▸ Requirement
Exclude the pictures and set down, unaltered, the lines from the one that holds "7月23日,团队走进医生办公" through the end of the data.

--- Data excerpt Enclosed Below ---

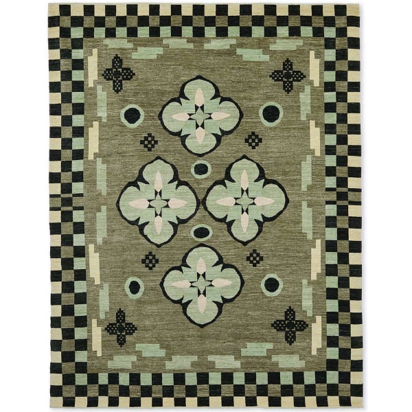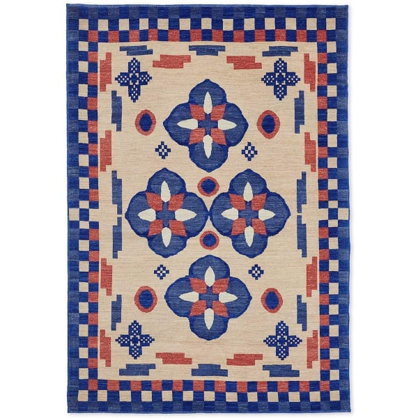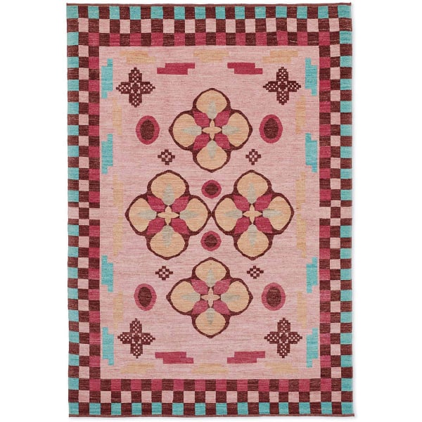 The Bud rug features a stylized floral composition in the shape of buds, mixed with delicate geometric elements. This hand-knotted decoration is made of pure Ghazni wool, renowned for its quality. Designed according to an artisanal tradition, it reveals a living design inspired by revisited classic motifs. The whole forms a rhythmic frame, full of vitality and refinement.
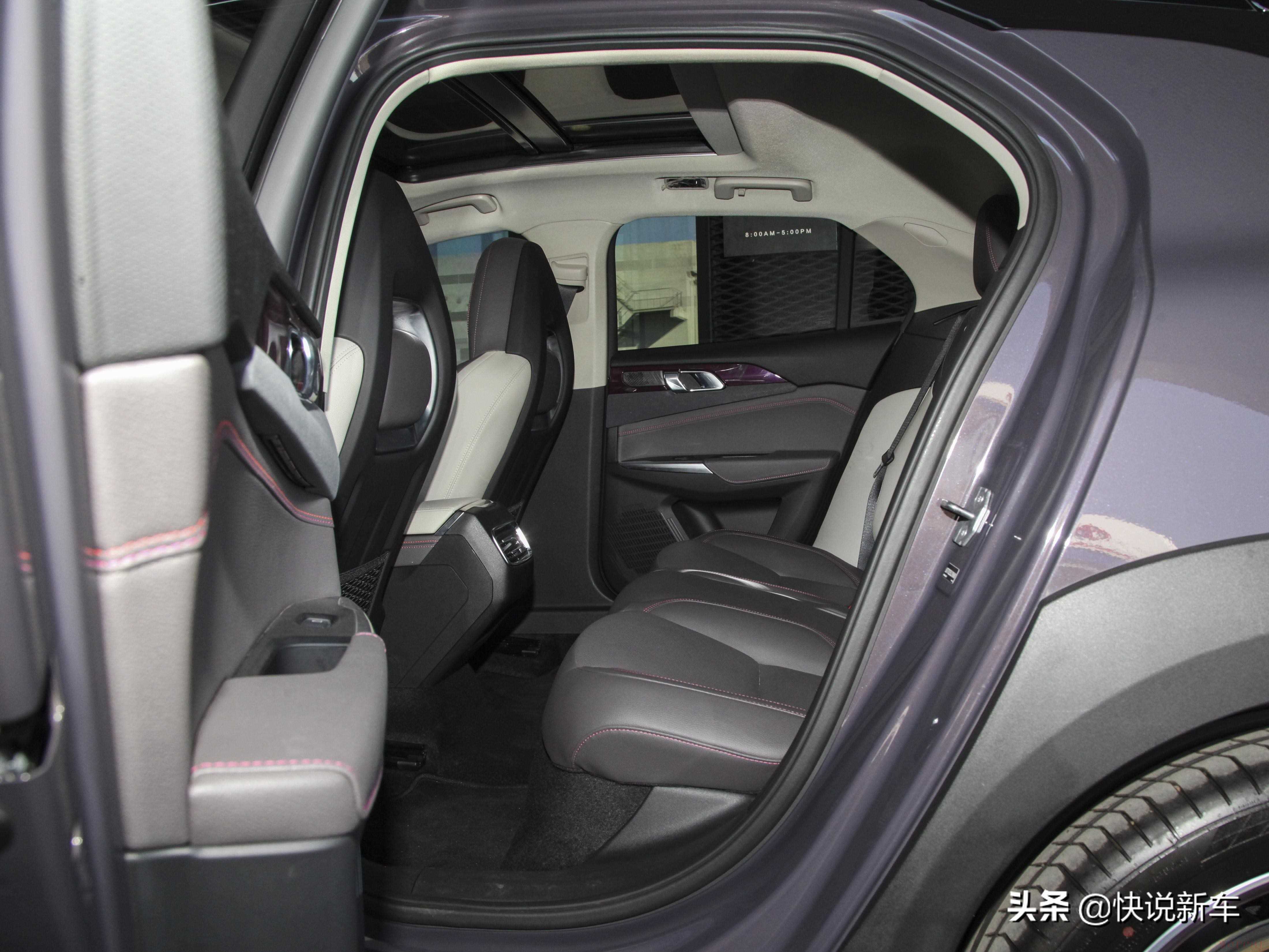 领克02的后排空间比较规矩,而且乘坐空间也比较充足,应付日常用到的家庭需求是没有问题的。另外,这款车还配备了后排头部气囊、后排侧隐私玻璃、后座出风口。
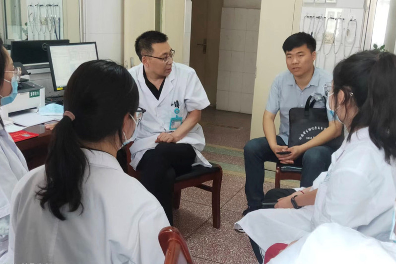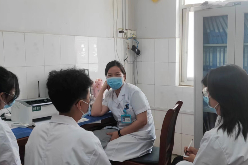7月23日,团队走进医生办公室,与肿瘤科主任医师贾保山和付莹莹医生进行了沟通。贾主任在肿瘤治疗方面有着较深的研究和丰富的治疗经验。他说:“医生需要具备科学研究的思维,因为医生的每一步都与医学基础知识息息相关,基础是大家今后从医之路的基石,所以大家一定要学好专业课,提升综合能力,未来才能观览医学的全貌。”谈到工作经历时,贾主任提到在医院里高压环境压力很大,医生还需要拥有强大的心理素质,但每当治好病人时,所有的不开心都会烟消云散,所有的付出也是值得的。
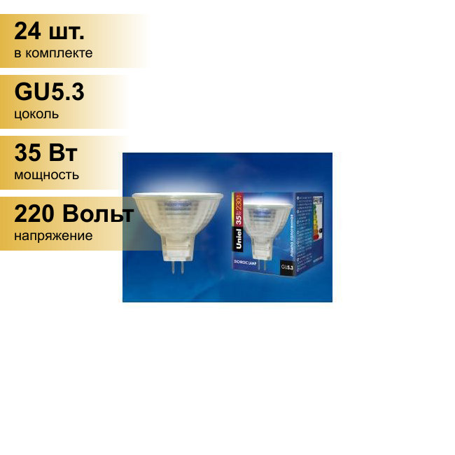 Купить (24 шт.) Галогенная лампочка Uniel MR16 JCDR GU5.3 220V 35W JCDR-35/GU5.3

--- End of Enclosed Data excerpt ---

▸ Finished task
7月23日,团队走进医生办公室,与肿瘤科主任医师贾保山和付莹莹医生进行了沟通。贾主任在肿瘤治疗方面有着较深的研究和丰富的治疗经验。他说:“医生需要具备科学研究的思维,因为医生的每一步都与医学基础知识息息相关,基础是大家今后从医之路的基石,所以大家一定要学好专业课,提升综合能力,未来才能观览医学的全貌。”谈到工作经历时,贾主任提到在医院里高压环境压力很大,医生还需要拥有强大的心理素质,但每当治好病人时,所有的不开心都会烟消云散,所有的付出也是值得的。
 Купить (24 шт.) Галогенная лампочка Uniel MR16 JCDR GU5.3 220V 35W JCDR-35/GU5.3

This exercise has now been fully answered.